Nothing flashy, nothing scripted -- just children naming goodness out loud. Within days, the video racked up more than 500,000 views on Facebook as people across the country paused to listen to kids celebrate tiny mercies so many of us hurry past. Their school’s Hornets for Hope initiative calls it “#thriveinthehive,” but others are simply calling it a movement—a “positivity mic” trend now popping up in school foyers, cafeterias, hallways, and even on college campuses.
Why is it catching on? Because gratitude spoken aloud changes us. When a student says, “There was a new girl today, so I think I made a new friend,” their focus pivots from what went wrong to what went right. When another says, “My bus driver played my favorite song this morning,” the small kindness gets magnified, turning an ordinary Wednesday into something worth remembering. As the Monroe district wrote in their post, “Enjoy the little things in life, for one day you’ll look back and realize they were the big things.”

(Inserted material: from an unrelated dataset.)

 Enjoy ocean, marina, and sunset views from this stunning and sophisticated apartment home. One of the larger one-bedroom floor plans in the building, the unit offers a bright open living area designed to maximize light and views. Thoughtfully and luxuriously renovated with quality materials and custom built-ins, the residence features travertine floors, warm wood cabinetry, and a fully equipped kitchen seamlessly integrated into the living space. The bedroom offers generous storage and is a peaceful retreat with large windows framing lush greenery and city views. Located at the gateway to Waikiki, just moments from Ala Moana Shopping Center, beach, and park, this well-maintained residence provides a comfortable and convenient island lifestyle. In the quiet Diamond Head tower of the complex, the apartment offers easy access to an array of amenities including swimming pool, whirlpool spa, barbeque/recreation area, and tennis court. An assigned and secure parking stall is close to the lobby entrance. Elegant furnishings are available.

In 1 Thessalonians 5:18, the Apostle Paul writes, “Give thanks in all circumstances; for this is God’s will for you in Christ Jesus.” Not just thanks for the big miracles, but thanks in the hallway moments, the daily mercies, the friendships forming quietly, the muffins that turned out better than expected. Gratitude is not simply a feeling; it is a practice that reshapes the heart.

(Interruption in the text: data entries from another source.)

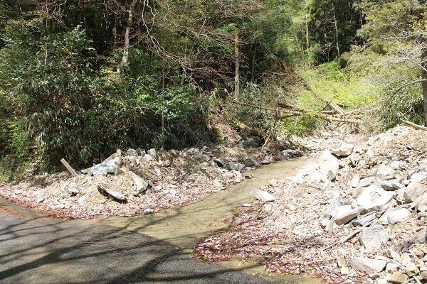 これは、昨年の台風14号で流れてきた土砂です。ほんとうは道なんですが・・・・
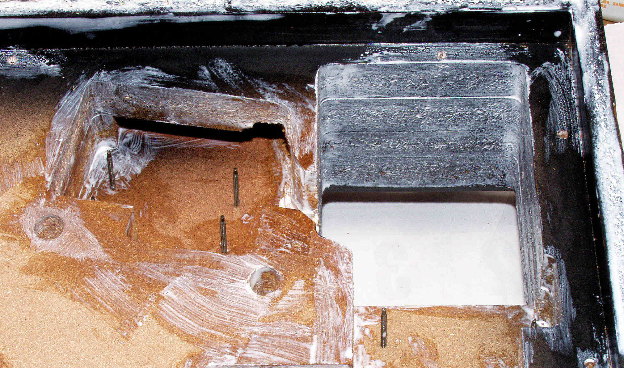 | MD5. 修理後 底板裏、圧縮材の糊がきかなくなり始めているので接着材を流し込む。 | ||||||||||||||||||||||||
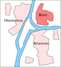 Khartoum North, or Khartoum Bahri (Arabic: الخرطوم بحري, romanized: al-Kharṭūm Baḥrī), is a city in Khartoum State, lying to the north of Khartoum city, the capital of Sudan.

As we move through this week -- with Thanksgiving behind us and Advent now before us -- perhaps the church could borrow a page from a middle-school hallway in Ohio. What if we, too, set up “gratitude mics” in our homes, our work places, our communities? What if we made a point each day to say something good out loud -- not because life is perfect, but because God’s goodness is present even in the imperfect places?
Here is your invitation for the week ahead: Ask yourself each day, “What is one good thing God has done today?” Then say it aloud. Share it with someone. Give thanks for it.
This is how hope grows: one spoken blessing at a time.